In this whole giant, years-long argument between Star Wars fans and Kathleen Kennedy’s LucasFilm and her writers over the direction of the series, I find myself agreeing and disagreeing with both sides. I’m old enough to remember this same fan rage, much of which is justified now, directed against George Lucas twenty years ago, much of which wasn’t justified then. The fans were wrong before, but they’re right now. If George Lucas did take control of Star Wars again, would anything change from fans? Would they realize how good they had it, or would they just revert back to the same abuse they heaped on Lucas for years over Jar-Jar and The Phantom Menace?

In spite of the anger from fans, not all of Disney Star Wars has been terrible. After the admittedly awful sequel trilogy and the lackluster Solo film, Disney stopped making Star Wars movies altogether, tacitly admitting they didn’t know what they were doing. However, that being said, everyone seems to forget about Rogue One, which was superb. Gareth Edwards crafted a perfect prequel film that led seamlessly into A New Hope and made it almost feel like one giant movie when you watch them back to back. The Mandalorian was fantastic as well, especially the season finale to Season Two. Even the Obi-Wan show, in spite of some very obvious, glaring problems with one of the main characters, had a finale that was as amazing and compelling as anything we’ve seen in the history of the series.

The point I’m trying to make is, yes, Disney fell flat on their face with the sequel trilogy. The Force Awaken, The Last Jedi, and The Rise of Skywalker are awful. They’re really, really bad. Shockingly terrible. I was one of the first ones sounding the alarm when the rest of the fan base was initially praising The Force Awakens for “fixing Star Wars” and “bringing Star Wars back to its roots” in 2015-2016 when it first released. However, we have been seeing some slow improvement since then.

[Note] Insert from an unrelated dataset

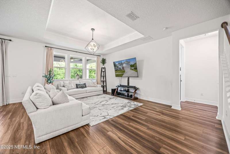 Welcome home to this beautiful home located in Grand Oaks in St. Johns, Florida. This like new home features 4-bedrooms, 2.5-bathrooms in an open concept with an office, casual dining area and a loft. The kitchen is nicely equipped, with white cabinets, stainless steel appliances, quartz countertops, and a large island with seating. It seamlessly connects to the casual dining area and family room, creating the perfect space for entertaining and cozy family gatherings. The casual dining room is ideal for both daily meals and formal settings. Sliding glass doors open to a private covered lanai, offering views of the preserve and access to the large back yard. The private office provides an ideal space to work from home or relax with a good book. The primary suite boasts a walk-in closet and a spa-inspired bathroom with dual vanities a walk-in shower and a soaker tub. Upstairs you'll find a loft and three additional bedrooms for added comfortable accommodations. As a resident of Grand Oaks, you'll enjoy resort-style amenities and easy access to shopping, entertainment, historic St Augustine and top-rated schools. Don't miss the chance to make this exceptional property your new home!

I don’t know what the dynamic between Kathleen Kennedy and Jon Favreau is really like, whether they’re moving forward together as a team, or fighting against each other with two competing visions. However, I also don’t know what it would take to pacify the Star Wars fan base at this point. They’ve been angry about the direction of the series for a quarter of a century now.

The current caretakers of ‘Star Wars’: Bob Iger, Kathleen Kennedy, and Jon Favreau.

I wish I could say the future of Star Wars looks bright because it doesn’t. It actually looks pretty bleak. George Lucas has publicly endorsed Bob Iger’s failed leadership of Disney and LucasFilm. The Acolyte is almost doomed to failure in spite of the intriguing decision to cast Carrie Anne-Moss as a Jedi. Disney is in a financial tailspin and is trying to fight off a hostile takeover from Nelson Peltz and Elon Musk, which might be the best thing that could happen to Star Wars at this point: a complete takeover at financial gunpoint like Han Solo taking over the deflector shield on Endor in Return of the Jedi.

In the end, I can’t help but come to the conclusion that Star Wars fell victim to its own insane success and popularity. The fans were never going to be happy and let Lucas tell Anakin’s story without howling that he was ruining their collective childhoods. Also, Kathleen Kennedy never had any intention of bringing Lucas’s vision of Star Wars to a new generation without turning it into a vehicle for her own feminist political agenda. So maybe Star Wars needs to go away for now, take a break like it did in the sixteen years between Return of the Jedi and The Phantom Menace, find itself again, and make a return. All the arguing and perpetual anger over a series that used to bring so much joy, awe, astonishment, and wonder is sad and exhausting. Star Wars will never die, but for now, it needs to be put in carbon-freeze. For its own good.